#### To do
Below are the records; repeat them in full, exactly.

○ ○ ○ ○ ○ ○ ○

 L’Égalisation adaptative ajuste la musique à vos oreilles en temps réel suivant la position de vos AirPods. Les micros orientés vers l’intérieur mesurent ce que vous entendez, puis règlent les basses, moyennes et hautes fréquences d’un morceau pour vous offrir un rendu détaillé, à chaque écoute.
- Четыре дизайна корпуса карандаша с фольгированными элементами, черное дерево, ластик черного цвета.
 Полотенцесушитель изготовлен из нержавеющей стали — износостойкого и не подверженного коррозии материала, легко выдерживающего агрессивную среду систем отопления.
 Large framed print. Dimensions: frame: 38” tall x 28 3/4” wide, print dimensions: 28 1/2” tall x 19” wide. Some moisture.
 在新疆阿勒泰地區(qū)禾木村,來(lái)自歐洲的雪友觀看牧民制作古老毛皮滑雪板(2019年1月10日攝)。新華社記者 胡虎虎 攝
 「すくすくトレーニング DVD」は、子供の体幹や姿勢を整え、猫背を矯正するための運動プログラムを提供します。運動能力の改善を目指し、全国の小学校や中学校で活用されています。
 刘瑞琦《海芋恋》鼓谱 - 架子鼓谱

○ ○ ○ ○ ○ ○ ○

#### Your solution
 L’Égalisation adaptative ajuste la musique à vos oreilles en temps réel suivant la position de vos AirPods. Les micros orientés vers l’intérieur mesurent ce que vous entendez, puis règlent les basses, moyennes et hautes fréquences d’un morceau pour vous offrir un rendu détaillé, à chaque écoute.
- Четыре дизайна корпуса карандаша с фольгированными элементами, черное дерево, ластик черного цвета.
 Полотенцесушитель изготовлен из нержавеющей стали — износостойкого и не подверженного коррозии материала, легко выдерживающего агрессивную среду систем отопления.
 Large framed print. Dimensions: frame: 38” tall x 28 3/4” wide, print dimensions: 28 1/2” tall x 19” wide. Some moisture.
 在新疆阿勒泰地區(qū)禾木村,來(lái)自歐洲的雪友觀看牧民制作古老毛皮滑雪板(2019年1月10日攝)。新華社記者 胡虎虎 攝
 「すくすくトレーニング DVD」は、子供の体幹や姿勢を整え、猫背を矯正するための運動プログラムを提供します。運動能力の改善を目指し、全国の小学校や中学校で活用されています。
 刘瑞琦《海芋恋》鼓谱 - 架子鼓谱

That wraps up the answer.